Accuracy of reporting even in the most recent times can be called in question. The Jessica Lynch story is a prime example. Ambushed by the Iraqis, Lynch returned fire, and was shot/stabbed/raped in the conflict before taken prisoner and tortured. In reality, her convoy had gotten lost and her vehicle was hit by a rocket propelled grenade, her rifle jammed, and she fell unconscious. She was taken prisoner and hospitalized, by her own testimony, she was treated well. Arizona Cardinal Pat Tillman was reported to be killed in a firefight and awarded the Silver Star in a nationally televised memorial service. Later, it was found Tillman died from friendly fire and it was covered up. Another problem remains the difference in definitions causality.

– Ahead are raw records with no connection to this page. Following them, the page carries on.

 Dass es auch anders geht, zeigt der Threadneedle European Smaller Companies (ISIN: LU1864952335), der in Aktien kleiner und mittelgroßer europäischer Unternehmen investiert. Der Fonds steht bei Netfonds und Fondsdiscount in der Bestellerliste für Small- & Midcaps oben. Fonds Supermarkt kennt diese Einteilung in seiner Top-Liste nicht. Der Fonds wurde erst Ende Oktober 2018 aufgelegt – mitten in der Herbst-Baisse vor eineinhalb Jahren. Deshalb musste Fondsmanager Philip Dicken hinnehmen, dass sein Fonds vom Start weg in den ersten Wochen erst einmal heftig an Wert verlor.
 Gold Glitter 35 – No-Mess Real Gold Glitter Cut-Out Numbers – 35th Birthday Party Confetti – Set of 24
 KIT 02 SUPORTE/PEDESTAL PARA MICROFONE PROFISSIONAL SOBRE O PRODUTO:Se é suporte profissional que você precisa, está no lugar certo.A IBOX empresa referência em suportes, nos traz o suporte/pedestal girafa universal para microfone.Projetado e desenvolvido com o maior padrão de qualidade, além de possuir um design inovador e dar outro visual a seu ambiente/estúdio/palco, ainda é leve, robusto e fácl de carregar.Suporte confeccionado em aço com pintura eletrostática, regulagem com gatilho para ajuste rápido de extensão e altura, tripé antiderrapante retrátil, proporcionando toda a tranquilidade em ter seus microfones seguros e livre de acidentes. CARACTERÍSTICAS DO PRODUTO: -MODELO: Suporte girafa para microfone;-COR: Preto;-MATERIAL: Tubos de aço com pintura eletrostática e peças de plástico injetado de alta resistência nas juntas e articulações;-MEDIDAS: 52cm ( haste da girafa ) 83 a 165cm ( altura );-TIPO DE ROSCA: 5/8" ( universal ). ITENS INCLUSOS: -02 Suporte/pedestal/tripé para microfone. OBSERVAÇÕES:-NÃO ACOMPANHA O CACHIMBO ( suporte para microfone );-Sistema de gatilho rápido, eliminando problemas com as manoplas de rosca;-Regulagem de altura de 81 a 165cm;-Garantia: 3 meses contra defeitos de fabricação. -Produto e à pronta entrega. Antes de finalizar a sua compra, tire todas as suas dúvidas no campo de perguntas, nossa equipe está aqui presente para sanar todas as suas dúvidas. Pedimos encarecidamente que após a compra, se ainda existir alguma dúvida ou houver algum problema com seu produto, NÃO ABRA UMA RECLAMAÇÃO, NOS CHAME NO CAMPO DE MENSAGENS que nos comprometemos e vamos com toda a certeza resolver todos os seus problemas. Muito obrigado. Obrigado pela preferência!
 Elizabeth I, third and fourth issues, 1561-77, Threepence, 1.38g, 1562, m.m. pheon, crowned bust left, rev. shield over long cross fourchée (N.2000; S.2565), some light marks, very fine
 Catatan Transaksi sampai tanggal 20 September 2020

Causality means different things to different government agencies: Killed, wounded and evacuated, wounded and not evacuated, minor wounds, missing in action. Accuracy of information is a problem even today. The media is competing for the breaking story. The military is competing for need for security. The politicians are competing for their popularity. The mission of the three rarely intersect.

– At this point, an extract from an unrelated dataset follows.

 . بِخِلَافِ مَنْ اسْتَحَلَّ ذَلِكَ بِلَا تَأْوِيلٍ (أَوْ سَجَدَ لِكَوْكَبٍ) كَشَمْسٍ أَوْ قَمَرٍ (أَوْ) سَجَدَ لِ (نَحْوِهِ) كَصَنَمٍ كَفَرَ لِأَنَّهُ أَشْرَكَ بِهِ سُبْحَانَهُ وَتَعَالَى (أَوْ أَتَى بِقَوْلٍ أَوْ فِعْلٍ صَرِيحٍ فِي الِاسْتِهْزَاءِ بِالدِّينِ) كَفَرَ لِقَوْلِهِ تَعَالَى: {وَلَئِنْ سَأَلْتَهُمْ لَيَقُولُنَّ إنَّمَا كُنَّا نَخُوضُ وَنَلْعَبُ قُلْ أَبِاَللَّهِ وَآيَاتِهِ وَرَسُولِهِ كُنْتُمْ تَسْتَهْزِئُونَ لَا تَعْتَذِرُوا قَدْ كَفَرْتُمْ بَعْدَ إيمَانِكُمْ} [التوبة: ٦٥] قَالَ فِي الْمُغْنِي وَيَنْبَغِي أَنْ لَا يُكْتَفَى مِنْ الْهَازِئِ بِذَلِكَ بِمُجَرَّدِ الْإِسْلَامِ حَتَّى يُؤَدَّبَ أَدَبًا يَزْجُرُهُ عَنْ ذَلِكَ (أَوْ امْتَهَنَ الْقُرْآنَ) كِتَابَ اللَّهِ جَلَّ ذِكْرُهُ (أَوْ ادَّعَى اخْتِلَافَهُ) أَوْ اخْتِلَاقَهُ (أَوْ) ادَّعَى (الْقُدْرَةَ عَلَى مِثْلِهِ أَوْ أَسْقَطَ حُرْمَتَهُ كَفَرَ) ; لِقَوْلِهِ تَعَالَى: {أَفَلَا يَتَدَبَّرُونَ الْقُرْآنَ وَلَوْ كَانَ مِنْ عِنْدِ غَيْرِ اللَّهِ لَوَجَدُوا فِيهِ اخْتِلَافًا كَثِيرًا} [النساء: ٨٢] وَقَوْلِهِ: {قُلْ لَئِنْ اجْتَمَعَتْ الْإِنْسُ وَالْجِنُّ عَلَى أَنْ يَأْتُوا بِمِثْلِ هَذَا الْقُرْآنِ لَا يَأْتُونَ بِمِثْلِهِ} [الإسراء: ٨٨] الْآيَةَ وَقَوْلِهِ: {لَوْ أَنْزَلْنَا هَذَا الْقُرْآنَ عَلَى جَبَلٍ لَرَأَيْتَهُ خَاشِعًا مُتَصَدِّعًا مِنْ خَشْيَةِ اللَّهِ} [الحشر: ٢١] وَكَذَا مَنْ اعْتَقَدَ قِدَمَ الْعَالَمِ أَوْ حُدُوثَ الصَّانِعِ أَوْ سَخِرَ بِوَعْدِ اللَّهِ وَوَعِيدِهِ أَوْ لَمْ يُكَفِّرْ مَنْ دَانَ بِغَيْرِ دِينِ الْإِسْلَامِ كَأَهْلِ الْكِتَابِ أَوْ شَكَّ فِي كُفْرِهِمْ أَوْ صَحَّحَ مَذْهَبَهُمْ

War is a complex issue for America. We like the idea of fighting for what is (or we are lead to believe is) right, but quickly become weary of war when we learn that American’s are dying. Support for the second war in Iraq was high at the start when we believed the that there were weapons of mass destruction or Saddam Hussein played a part in 9/11. As the we lost faith in the reason and the body count rose, opinion changed. After WWI, it took Pearl Harbor to persuade America to pick up arms and fight on foreign shores again. Even then as the war went on, it was not popular, but seen as necessary. Korea became a war where soldiers “die for a tie.” Even as the war was being fought, it earned the nickname of the “Forgotten War.” Vietnam brought a major change America both politically and socially. No matter how many people supported going to war with the Japanese or more recently the Taliban or Iraq, the casualty count changed people’s minds.

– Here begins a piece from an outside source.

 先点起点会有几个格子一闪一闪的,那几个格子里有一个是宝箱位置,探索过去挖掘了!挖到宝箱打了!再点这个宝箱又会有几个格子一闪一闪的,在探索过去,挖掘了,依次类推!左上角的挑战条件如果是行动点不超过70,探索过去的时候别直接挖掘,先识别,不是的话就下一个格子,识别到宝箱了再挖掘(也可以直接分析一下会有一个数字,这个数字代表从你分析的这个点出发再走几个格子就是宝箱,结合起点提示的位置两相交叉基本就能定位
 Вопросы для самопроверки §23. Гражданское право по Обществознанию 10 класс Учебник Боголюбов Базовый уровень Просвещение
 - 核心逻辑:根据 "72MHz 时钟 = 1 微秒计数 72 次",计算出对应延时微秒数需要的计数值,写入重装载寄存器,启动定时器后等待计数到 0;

Technology plays an increasing role in America’s war planning. Technology saves lives and makes great press. America loved the smart bomb footage from the First Gulf War; it made great television. So much so Roger Waters even commented on in the song “The Bravery of Being Out of Range”
Hey bartender over here
Two more shots
And two more beers
Sir turn up the TV sound
The war has started on the ground
Just love those laser guided bombs
They’re really great
For righting wrongs
You hit the target
And win the game
From bars 3,000 miles away
Obama likes drone strikes. Clinton liked cruise missile attacks. Under Obama some 2,000 to 2,500 people have been killed with drone attacks while sparing any threat to American military. Clinton’s motives were the same. Maximum damage with minimal risk to American lives.
America likes its wars short, high tech, and low casualty. Perhaps the only president in the 20th century to become more popular by a war in his own presidency was G.H.W. Bush. He had a 89% approval rating at the end of the war, but failed to win re-election. Casey does an outstanding job of dissecting what would seem like the process of reporting war casualties. He puts each war in its historical and domestic political perspective. The work is well documented and very well written. As controversial as the subject can be, I can find little fault in his work. I highly recommend this book to anyone interested in the politics and reporting in war time and the complexities of the reporting America’s war dead.